- _Available data_:
····················
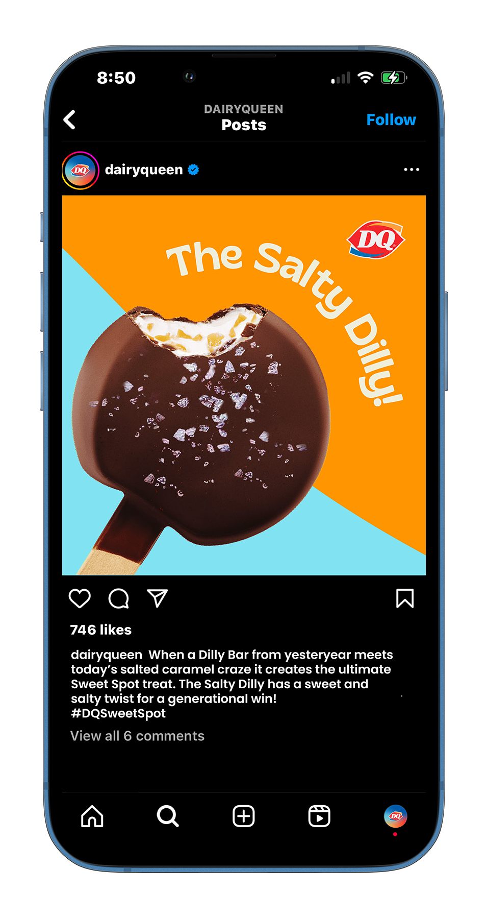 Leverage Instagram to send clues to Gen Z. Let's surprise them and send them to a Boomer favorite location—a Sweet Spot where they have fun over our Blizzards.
····················
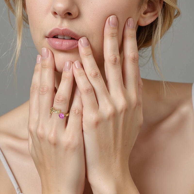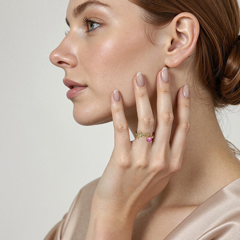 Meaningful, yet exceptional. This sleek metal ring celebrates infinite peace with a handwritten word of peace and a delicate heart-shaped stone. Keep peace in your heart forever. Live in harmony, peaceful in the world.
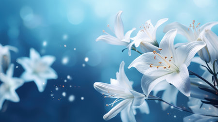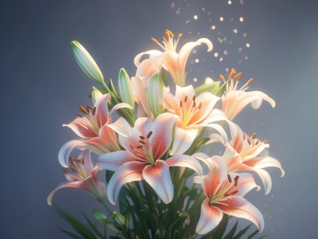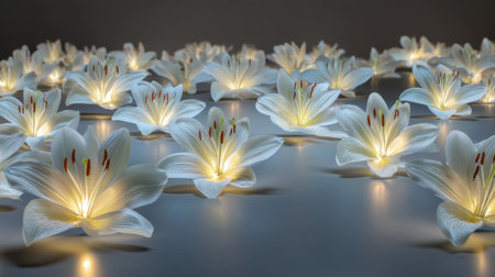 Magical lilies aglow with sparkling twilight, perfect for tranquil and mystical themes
····················
In the records above, find the line with "Meaningful, yet exceptional.". Print exactly from there through the line with "Magical lilies aglow", minus the pictures.

- _Solution to this problem_:
 Meaningful, yet exceptional. This sleek metal ring celebrates infinite peace with a handwritten word of peace and a delicate heart-shaped stone. Keep peace in your heart forever. Live in harmony, peaceful in the world.
 Magical lilies aglow with sparkling twilight, perfect for tranquil and mystical themes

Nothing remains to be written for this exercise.